I'm sure Members will recall the story I told the Chamber last year about a mum we can call 'Sarah'. Her name was changed to protect her identity. I talked about how her child would have meltdowns, how she would lose all control and scratch at her own eyes so that Sarah had to restrain her and how her brothers didn't understand why their sister sometimes hit out at them and why their mum wasn't telling her off. Sarah was holding down a job, looking after her family and fighting—and I don't use that term lightly—for a diagnosis. She told me that she had to fight for absolutely everything. She shouldn't have to fight. She should have what she needs to support her daughter and her family to help them live as normal a life as they possibly could. This is just one sad example. There are countless others in all our communities.

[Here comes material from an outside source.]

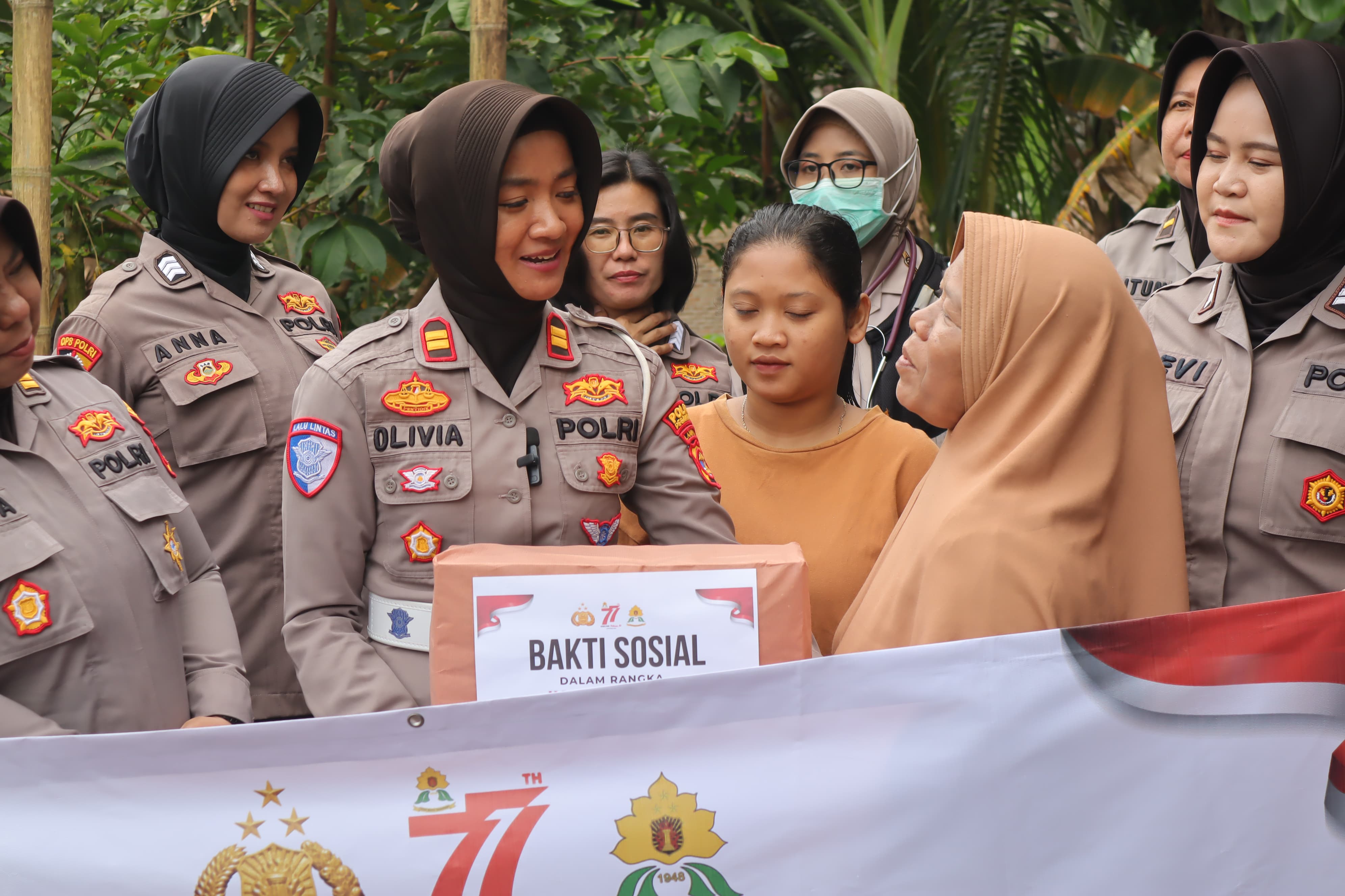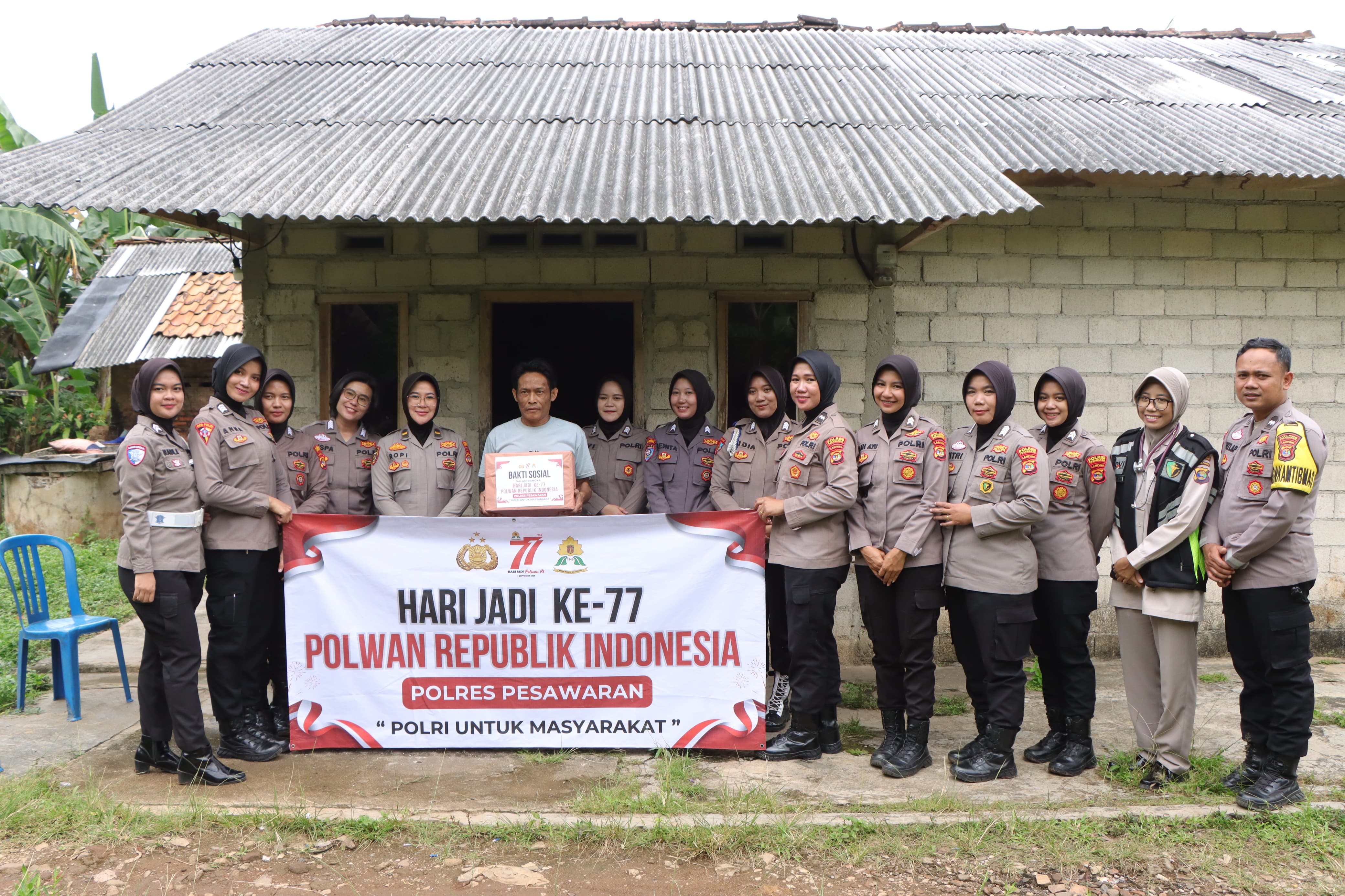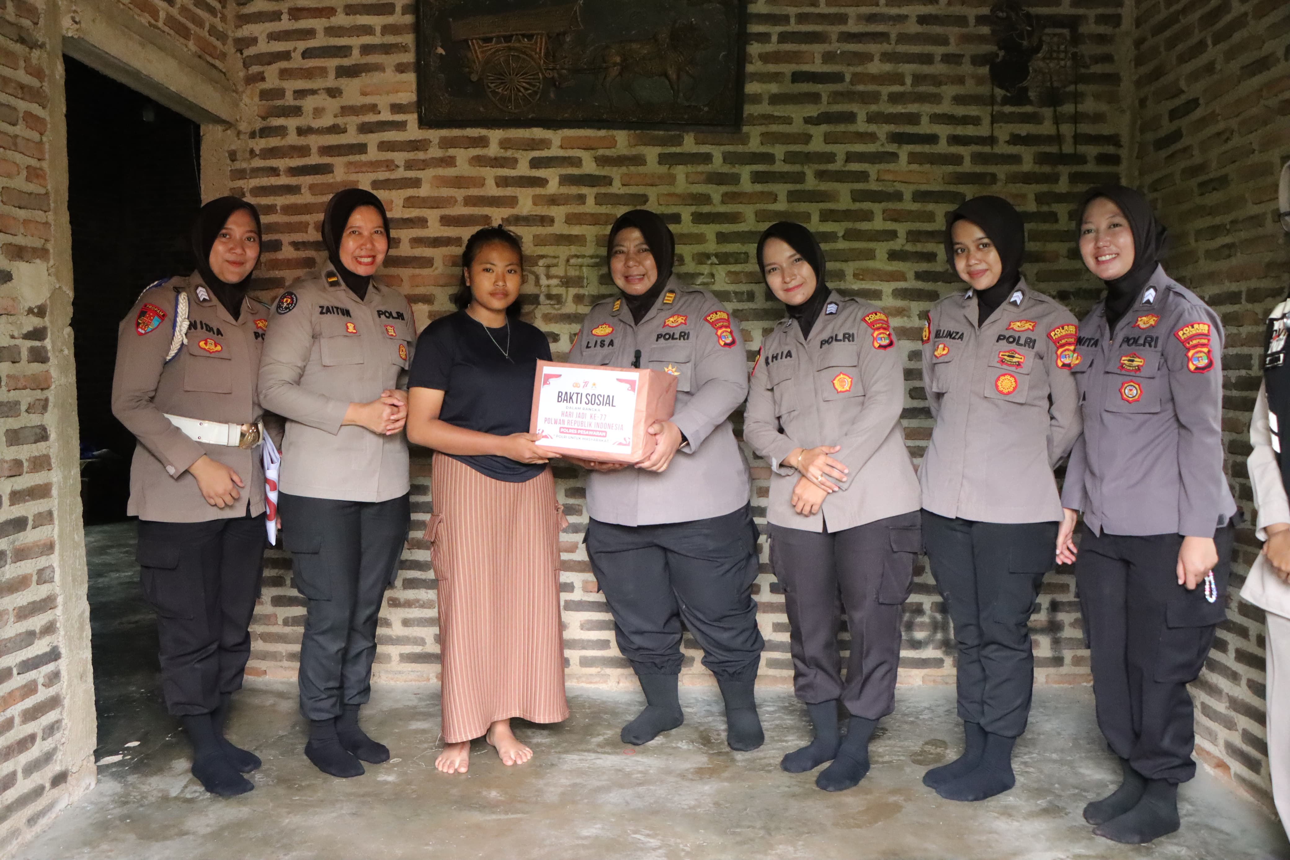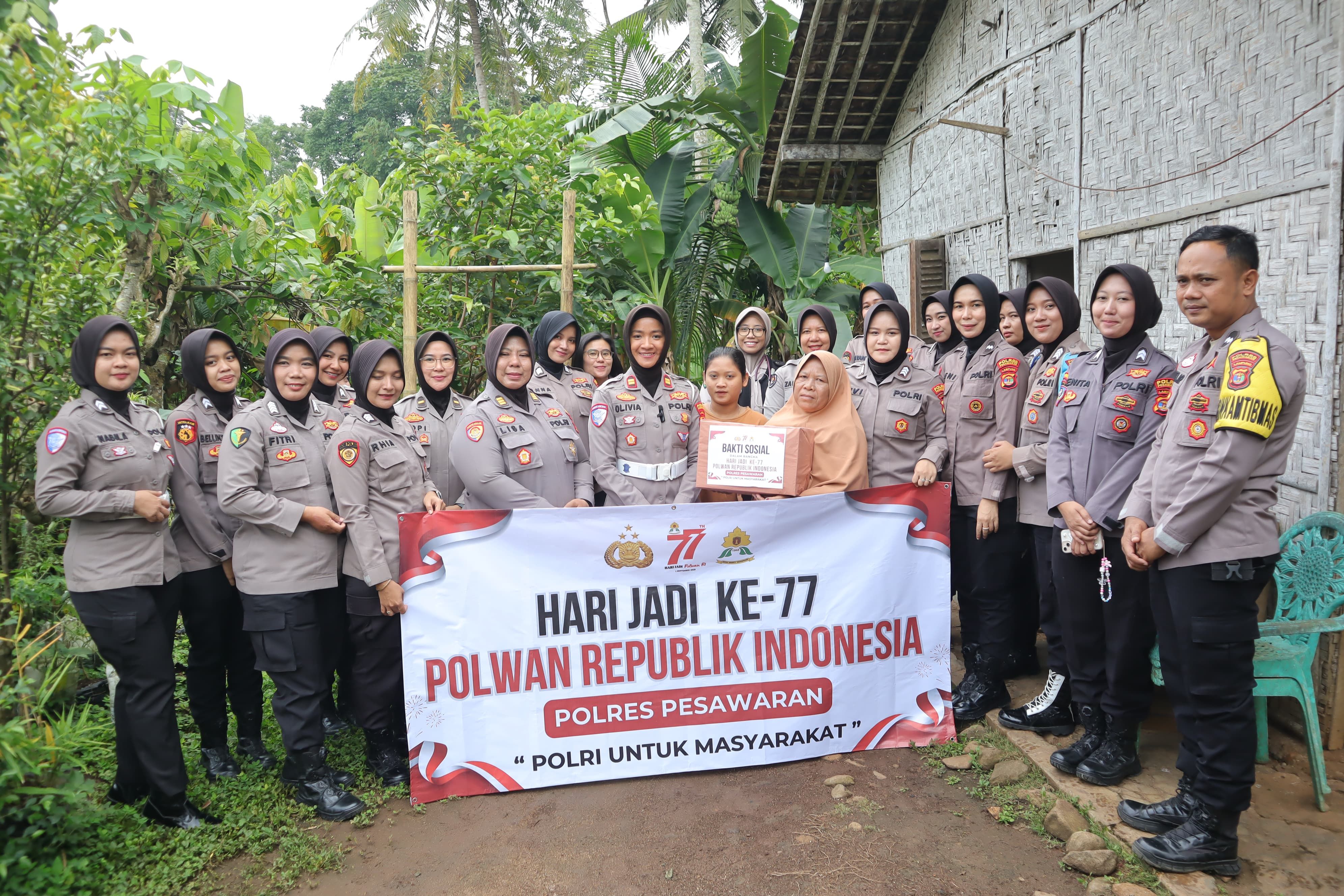 tribratanews.lampung.polri.go.id Pesawaran Jumat 29 Agustus 2025. Polres Pesawaran, Polda Lampung – Dalam rangka memperingati Hari Ulang Tahun (HUT) Polwan Republik Indonesia ke-77 yang diperingati setiap tanggal 1 September, jajaran Polwan Polres Pesawaran melaksanakan kegiatan bakti sosial berupa pembagian paket sembako kepada warga Desa Wiyono, Dusun Way Linti, Kecamatan Gedong Tataan, Kabupaten Pesawaran, Kamis (28/8/2025) Pagi.

This primary legislation will help considerably to improve the lives of people living with autism throughout Wales. We have a duty of care to all residents, and we need to give them tailored opportunities that will exceed their expectations and give them opportunities to realise their potential. I urge all Members to look to their constituents and cast their votes today for them. I urge Members to reflect on the correspondence we have all received, which will show the strength of feeling on this very issue. If the Bill falls today then that's it. This is not about passing the legislation this afternoon, but it's about enabling this Bill to proceed to the next stages of scrutiny. I therefore urge Members to vote in favour of this motion.

The proposal is to agree the motion. Does any Member object? [Objection.] Therefore, we defer voting under this item until voting time.

Voting deferred until voting time.

Can I just say to the Chamber, with respect, that that's the second time I've heard somebody say 'shame' when a vote hasn't gone their way? We try to talk—[Interruption.] Excuse me. We try to talk about a kinder politics. We try to do a kinder politics in this Chamber, and by other Members shouting when somebody has an opposite view, given what we've just gone through, I find that quite an embarrassment for this Assembly, and I would ask those Members just to reflect on their behaviour.